What needs to be done -
An exact reproduction of the listing is wanted, with the pictures dropped.

Stored data -
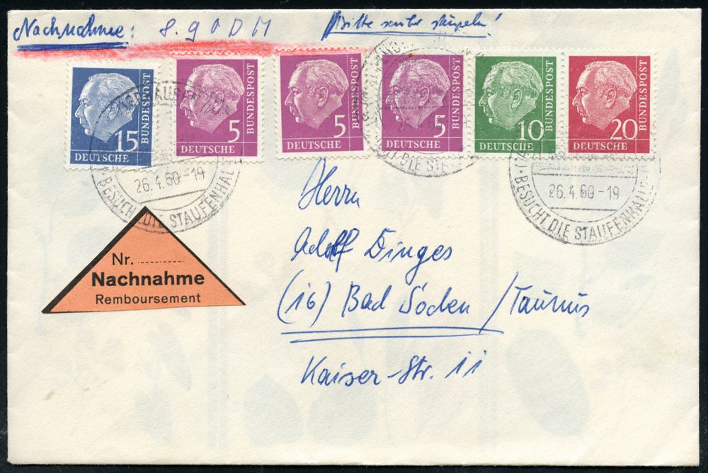 3847 | 16 € | POSTLEITRAUM 7000 (OHNE STUTTGART) : (14a) PLÜDERHAUSEN (WÜRTT)/ BESUCHT DIE STAUFFENHALLE 1960 (26.4.) HWSt 3x (teils etw. undeutl.) auf 4-Farben-Frankatur Heuss 60 Pf. auf Fern-NN-Bf. | ![]() | |
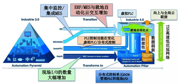 更值得關注的是PLC的體系架構正面臨著顛覆性的創新,下一代的PLC極大可能會是分布式控制節點(DCN)取代現場要求實時控制的PLC,處在本地云端的虛擬PLC承擔非實時要求或實時性要求不高的PLC功能,依靠強有力的OPC UA over TSN,構成開放的分布式的新型PLC系統(詳見附圖)。
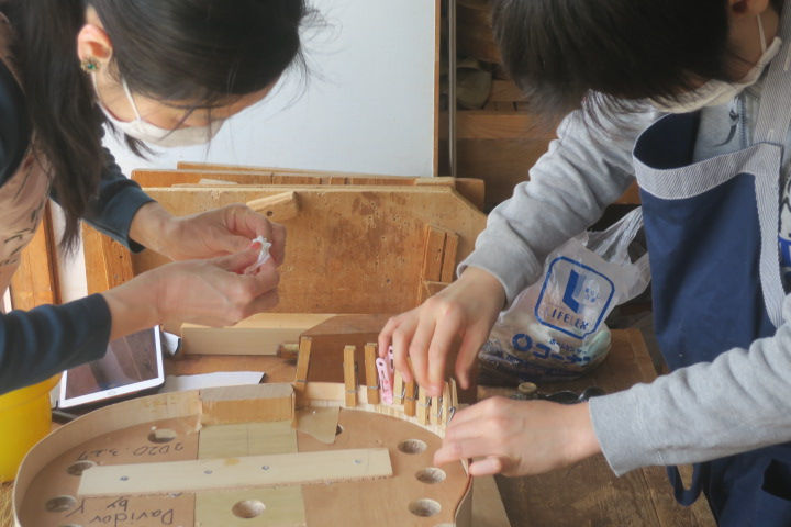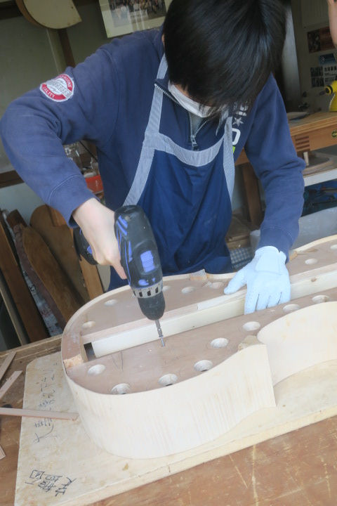 母子鷹で、母さんの大協力で着々と進んでいる。サイド板を完璧に終えた。続いて地板のライニングの制作取付である。これもあっという間に仕上げた。母さんの手伝い大である。今度は、表板のライニングに挑む、地板の経験で天板のモールドを外し、簡単に表のライニングを装着。あっという間に完了、母さんの手伝いがいかに大きいか母さんありがとうである・・・。

Exercise answer -
 3847 | 16 € | POSTLEITRAUM 7000 (OHNE STUTTGART) : (14a) PLÜDERHAUSEN (WÜRTT)/ BESUCHT DIE STAUFFENHALLE 1960 (26.4.) HWSt 3x (teils etw. undeutl.) auf 4-Farben-Frankatur Heuss 60 Pf. auf Fern-NN-Bf. | ![]() | |
 更值得關注的是PLC的體系架構正面臨著顛覆性的創新,下一代的PLC極大可能會是分布式控制節點(DCN)取代現場要求實時控制的PLC,處在本地云端的虛擬PLC承擔非實時要求或實時性要求不高的PLC功能,依靠強有力的OPC UA over TSN,構成開放的分布式的新型PLC系統(詳見附圖)。
 母子鷹で、母さんの大協力で着々と進んでいる。サイド板を完璧に終えた。続いて地板のライニングの制作取付である。これもあっという間に仕上げた。母さんの手伝い大である。今度は、表板のライニングに挑む、地板の経験で天板のモールドを外し、簡単に表のライニングを装着。あっという間に完了、母さんの手伝いがいかに大きいか母さんありがとうである・・・。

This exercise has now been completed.